_Exercise details_. Copy exactly the lines starting at the one that contains "Compared with the" and running through the end of the material below. Exclude any pictures.

_Information provided_.
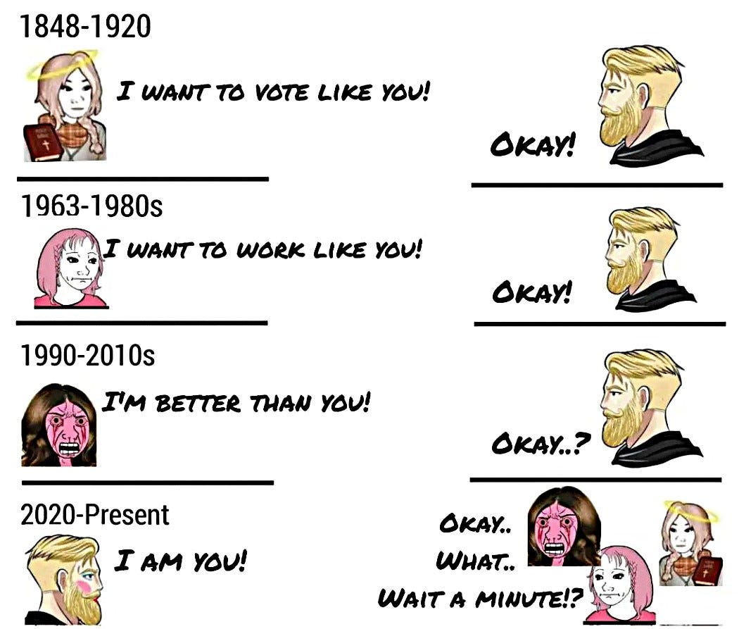 The Titanic if feminism were taken seriously, Schrodinger's feminist (chooses b/w victimhood & being empowered), this woman has a BIG Photoshop request 🙄, Nick Fuentes on women 🫣 & more women memes!
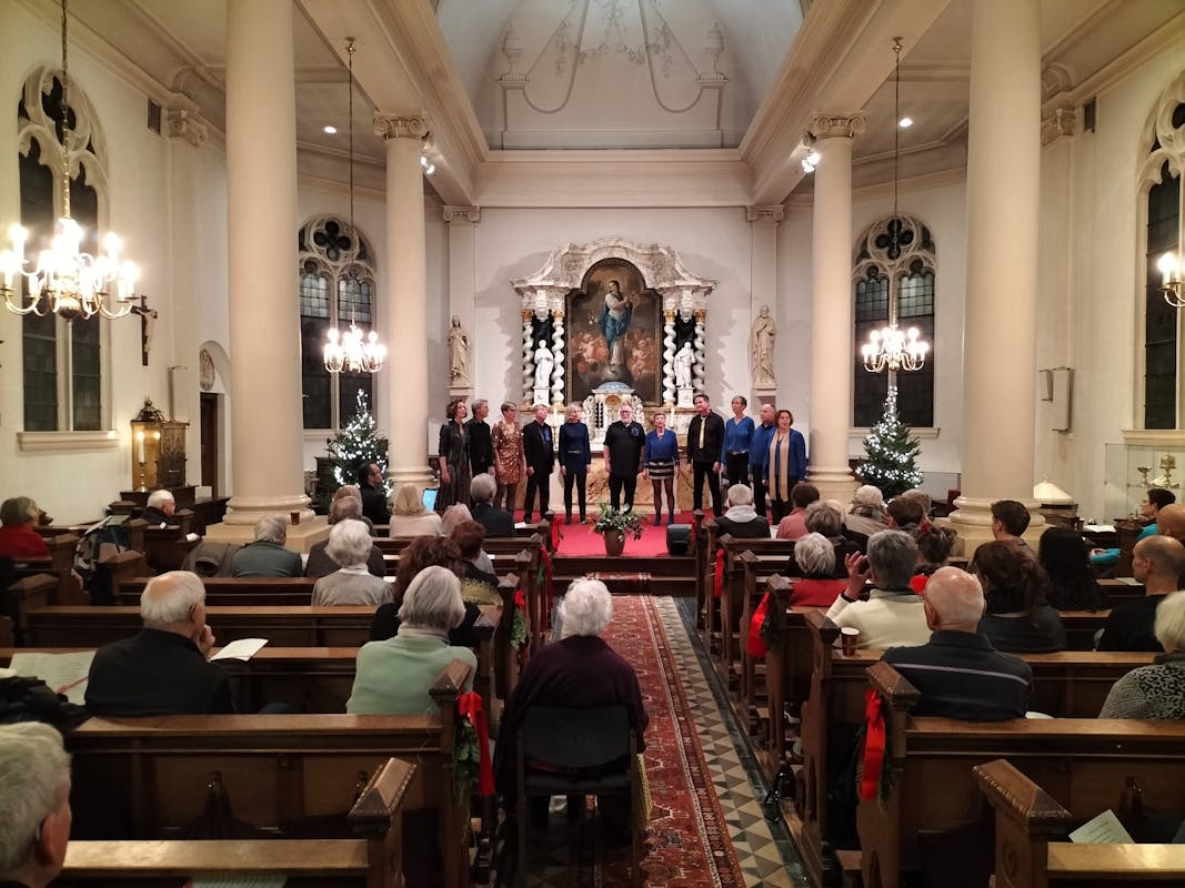 Met een programma vol Kerstarrangementen en ook een aantal andere toepasselijke liederen brachten de 11 zangers, a cappella of hooguit begeleid door piano, hoogstaande zangkunst ten gehore. Soms in kleinere samenstelling, vaak met allemaal, straalde het plezier van de zangers af die moeiteloos konden schakelen tussen klassiek, Ierse folksong, close harmony en pop-art.
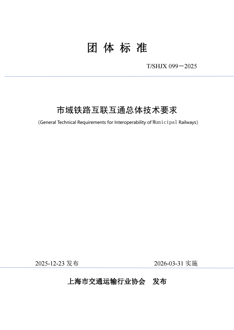 为贯彻《国家综合立体交通网规划纲要》《关于培育发展现代化都市圈的指导意见》等文件关于推动都市圈交通一体化发展、构建轨道交通“一张网”的总体要求,促进长三角地区市域铁路高效建设和网络化运营,依据上海市交通运输行业协会《关于同意〈市域铁路互联互通总体技术要求〉团体标准立项的通知》(沪交协〔2024〕77 号),编制组在广泛调研基础上,参考国内外市域铁路、城际铁路及城市轨道交通的成熟经验,结合国家、行业及地方相关规范,经多方征求意见,制定本技术要求。本要求涵盖范围,术语和符号,基本规定,线网规划,设计技术要求,运营管理,票务管理,治安、反恐与安检安保管理,运维管理和应急管理共 10 个章节,以市域铁路建设与运营基本要求为依据,重点明确跨区域互联互通跨线运营场景下的系统性技术规范。为适应技术快速发展趋势,本标准将实施动态维护机制,原则上每三年组织一次系统性复审,并根据技术进步情况适时修订,以保障其技术内容的先进性、适用性与持续生命力。
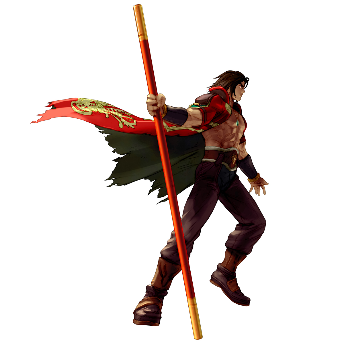 Kilik is a fair-skinned young man with a slim but well built physique, medium-length brown hair and brown eyes, possessing a distinct V-shaped scar on his left cheek. In his first appearance, he wore black and red sleeves and a pair of red pants with blue belts tied around his legs and a tattered cloth flowing from his belt. He wore the Dvapara-Yuga as his only article of clothing on his upper body, slung around his chest.
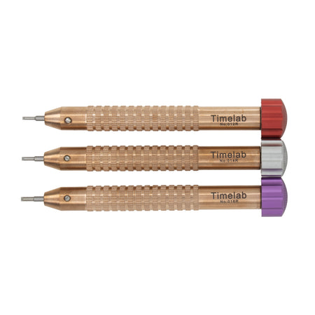 Compared with the slimmer Timelab No. 015‑R screwdrivers, the 3 jumbo T‑shaped models are engineered to make removing glued link pins from watch bracelets easier. Each compact tool is built from heavy‑duty stainless steel to ensure lasting durability and dependable performance.
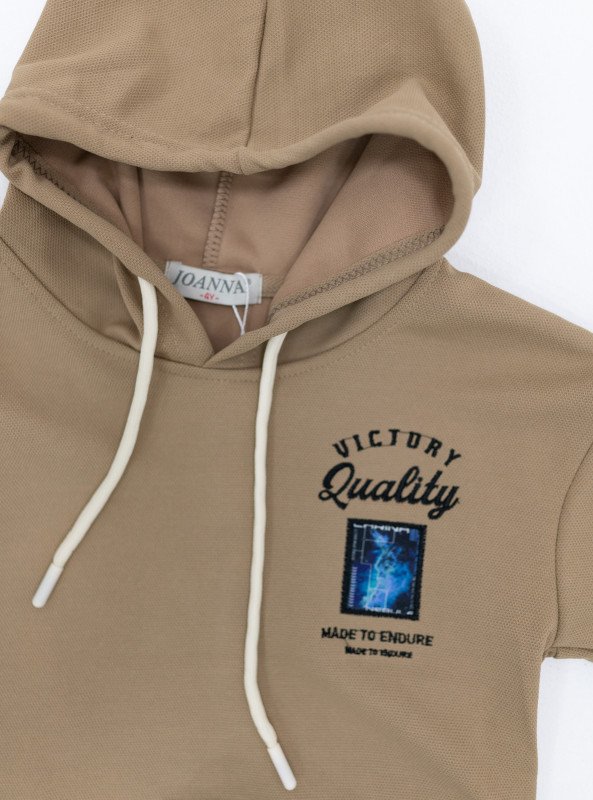 Crafted from 95% Cotton and 5% Elastane, the fabric offers a soft feel with enough stretch for ease of movement. The hood detail brings a trendy, urban twist — ideal for boys who like to stay active and look good doing it.
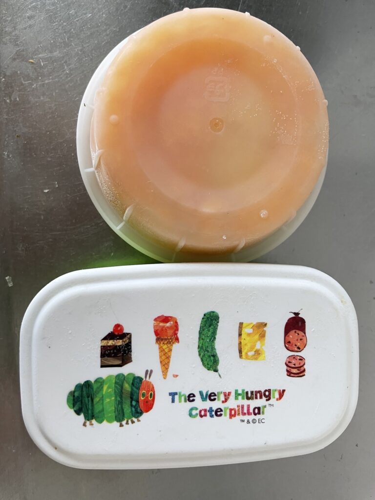 缶詰めのフルーツを汁ごと容器にいれて、冷凍させただけですが、大喜び♡

_Solution_.
 Compared with the slimmer Timelab No. 015‑R screwdrivers, the 3 jumbo T‑shaped models are engineered to make removing glued link pins from watch bracelets easier. Each compact tool is built from heavy‑duty stainless steel to ensure lasting durability and dependable performance.
 Crafted from 95% Cotton and 5% Elastane, the fabric offers a soft feel with enough stretch for ease of movement. The hood detail brings a trendy, urban twist — ideal for boys who like to stay active and look good doing it.
 缶詰めのフルーツを汁ごと容器にいれて、冷凍させただけですが、大喜び♡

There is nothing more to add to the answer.